(Records contained in a dataset)
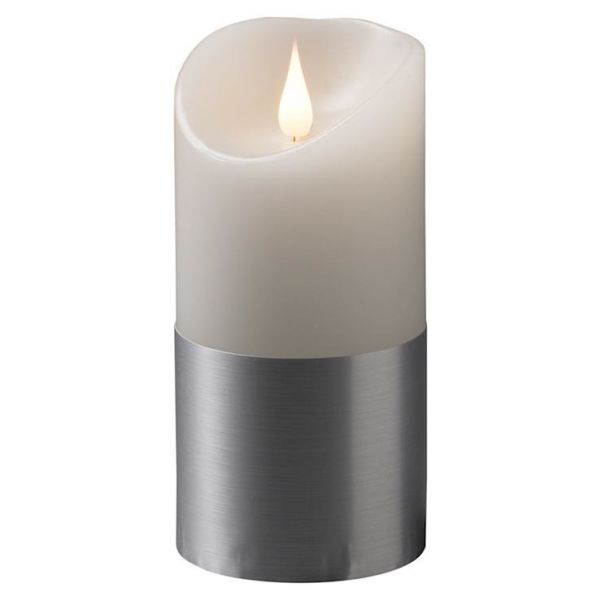 Konstsmide 1821-300 är ett vaxljus på 7,5x15,5 cm, vitt med silverfolie LED timer 4/8h 2xC.
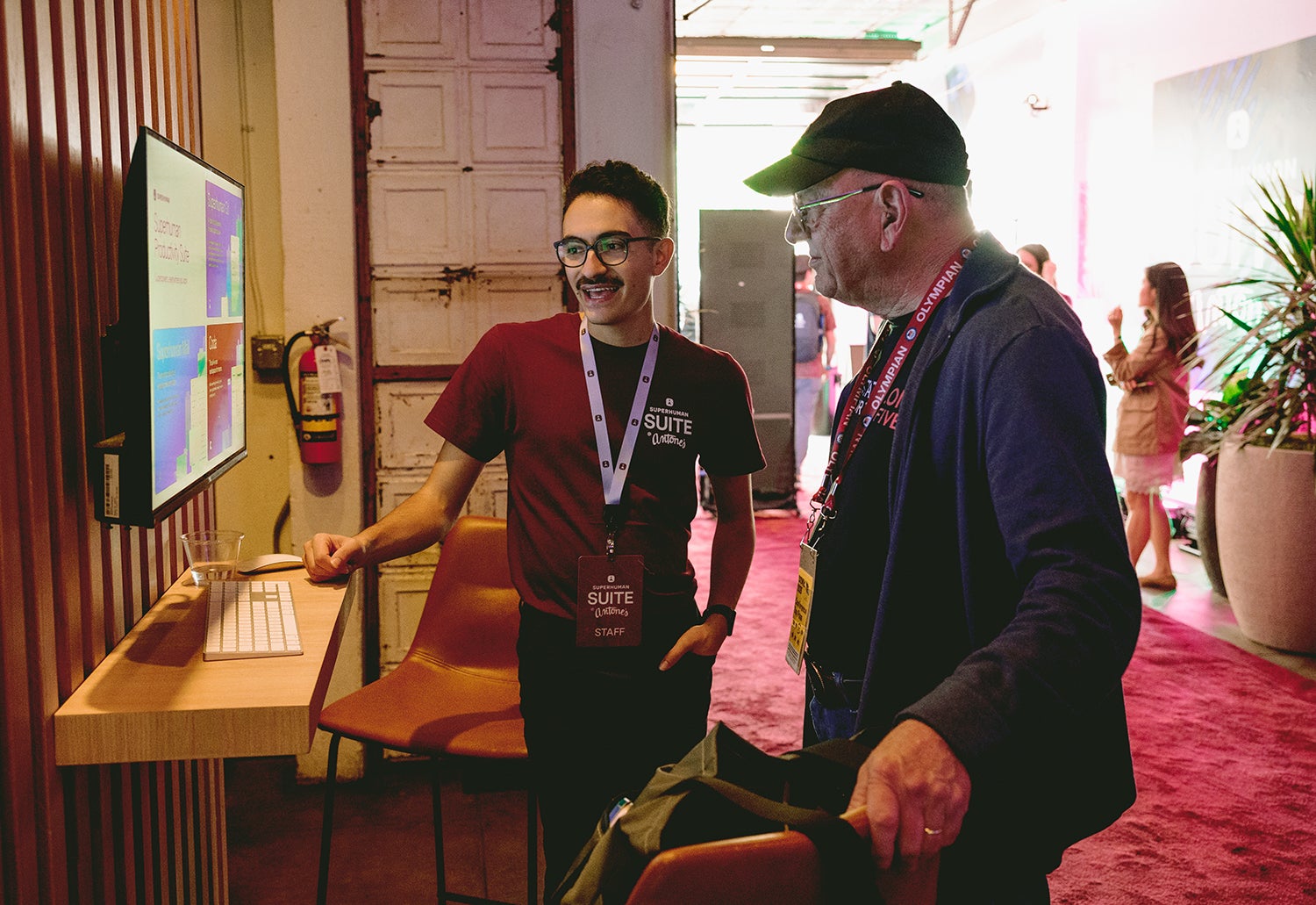 The guided demo stations scattered throughout the footprint were also a hit, and Superhuman was “pleasantly surprised” to find that attendees were interested in participating throughout the suite’s three-day run. “They came in very curious, and they would see the epochs, they would read the signage, get the messaging, and then be like, ‘Show this to me in action.’ It was a great takeaway for us,” Dame says.
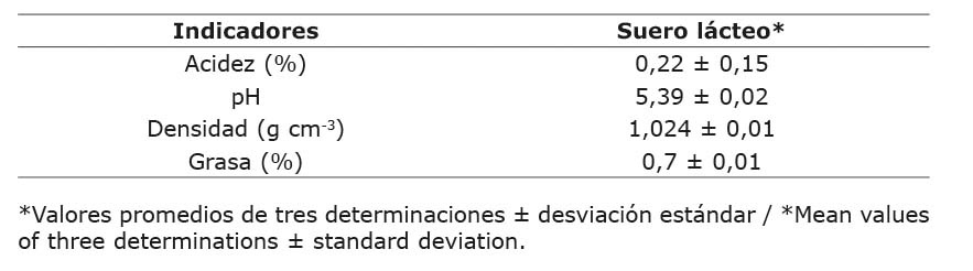 Los indicadores químico-físicos determinados al suero lácteo (Cuadro 2) evidenciaron valores característicos de este producto.
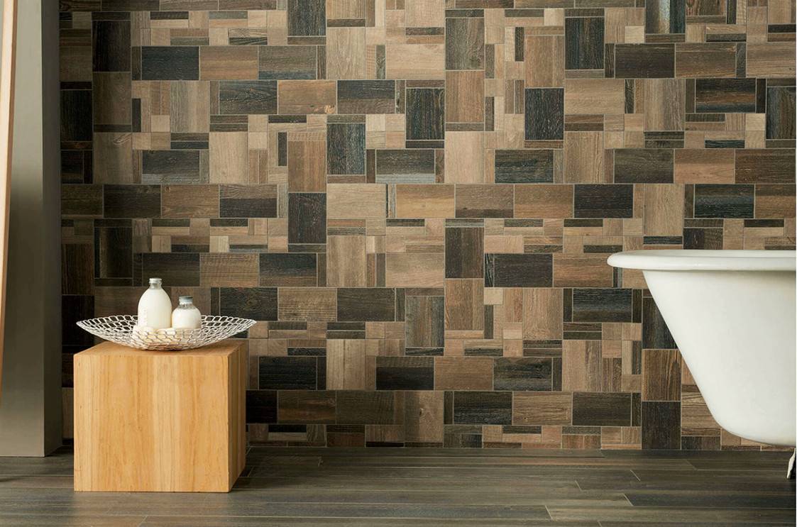 На фото: декор в стиле «деревянный микс» в коллекции Komi фабрики Pastorelli.
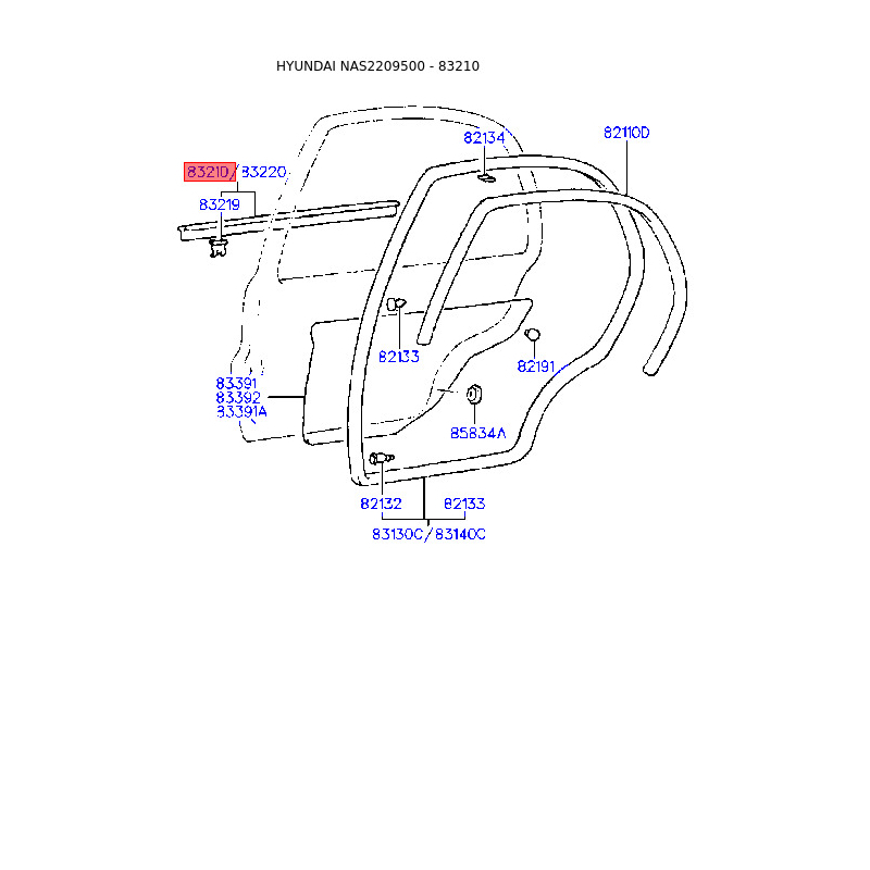 Ущільнювач (прокладка), бічне скло лівий 83210-22000 Mobis
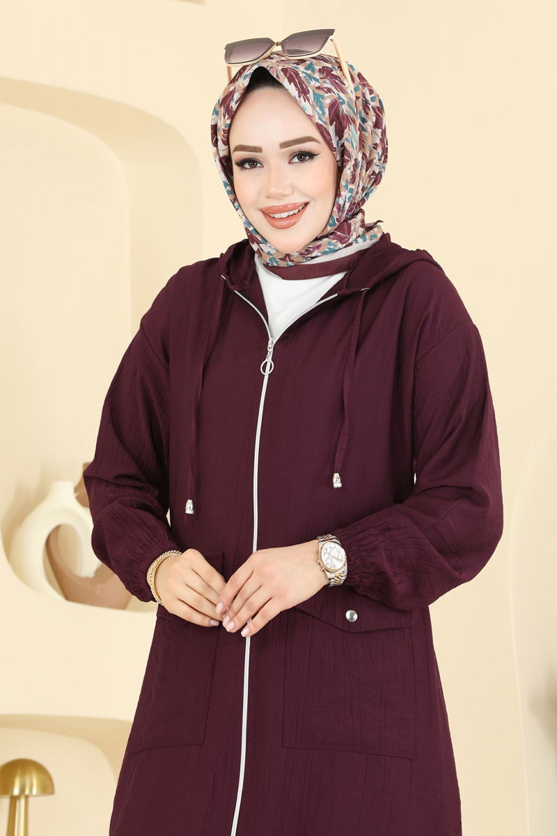 Pantolon ve Hırkalı Kapüşonlu Takım - Mürdüm Rengi

▶ [What you have to do]: Your output should be the full set of entries above, restated word for word and free of pictures.

▶ [Exercise solution]:
 Konstsmide 1821-300 är ett vaxljus på 7,5x15,5 cm, vitt med silverfolie LED timer 4/8h 2xC.
 The guided demo stations scattered throughout the footprint were also a hit, and Superhuman was “pleasantly surprised” to find that attendees were interested in participating throughout the suite’s three-day run. “They came in very curious, and they would see the epochs, they would read the signage, get the messaging, and then be like, ‘Show this to me in action.’ It was a great takeaway for us,” Dame says.
 Los indicadores químico-físicos determinados al suero lácteo (Cuadro 2) evidenciaron valores característicos de este producto.
 На фото: декор в стиле «деревянный микс» в коллекции Komi фабрики Pastorelli.
 Ущільнювач (прокладка), бічне скло лівий 83210-22000 Mobis
 Pantolon ve Hırkalı Kapüşonlu Takım - Mürdüm Rengi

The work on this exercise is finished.